We used to train even before power meters became available.
Sure, but training with power was a huge leap in terms of structured training, it's also now not beyond the cost of mere mortals. My power meters were ~£250 each (one geared, one for fixed) which is relatively small cost compared to, say, a £2k bike.
VAM can be measured with a stopwatch and it is done automatically with things like Strava... the error is minimum, down to rounding of seconds.
The point of power is that it is immediate, you can't calculate your VAM for the last 3 seconds, you can't calculate if you've gone off way too fast on the first 30 seconds of a climb. Power gives an almost immediate reading so you can avoid burning yourself out early.
Training based on VAM relies on riding to a perceived effort level and then calculating the value after the fact. There's no immediate feedback which is what power gives you. Want to ride up that hill at a certain effort level, pick a Watt number and then maintain that all the way up regardless of the gradient.
A power meter is a rather complicated unit, consisting of a strain gauge to measure torque and a unit to measure RPM. Both of them are prone to error, especially the former.

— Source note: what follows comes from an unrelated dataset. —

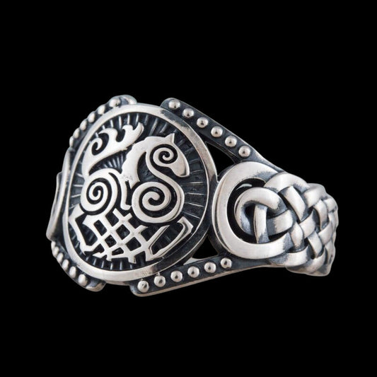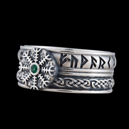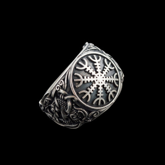 Handgefertigter Ring aus Sterlingsilber mit Symbol „Helm der Ehrfurcht“ und Wikingerornament

Strain gauges are incredibly sensitive and it doesn't take much to produce a wrong reading. For instance if it is on the crank, then you hit it with your shoe and you produce an incorrect reading for that pedal stroke. I am also unsure what happens when the bottom bracket ages. there is a bit of play and the response of the crank upon the pedal stroke becomes different... there are a number of ways the calibration can be altered.
I wouldn't take those numbers as Gospel... on balance I tend to trust a solid hill and a stop watch.
Luckily there are people like DC Rain Maker that comprehensively test different brands/models of power meters against each other by using different types (i.e. pedal based power meters against crank based, and/or against hub based). The junk ones aside they all tend to sit within their published tolerances (1-2% generally) - that's perfectly good enough for the likes of me.
The problems you seem to think might exist within power meters don't really exist in reality (again, except for the rubbish brands).
That said, one day I will probably buy a power meter, but if you know how to collect data, they seem to offer so little for so much money!
And if you do buy a power meter you'll be amazed at how much more data they provide, data that you can't extract using a stopwatch.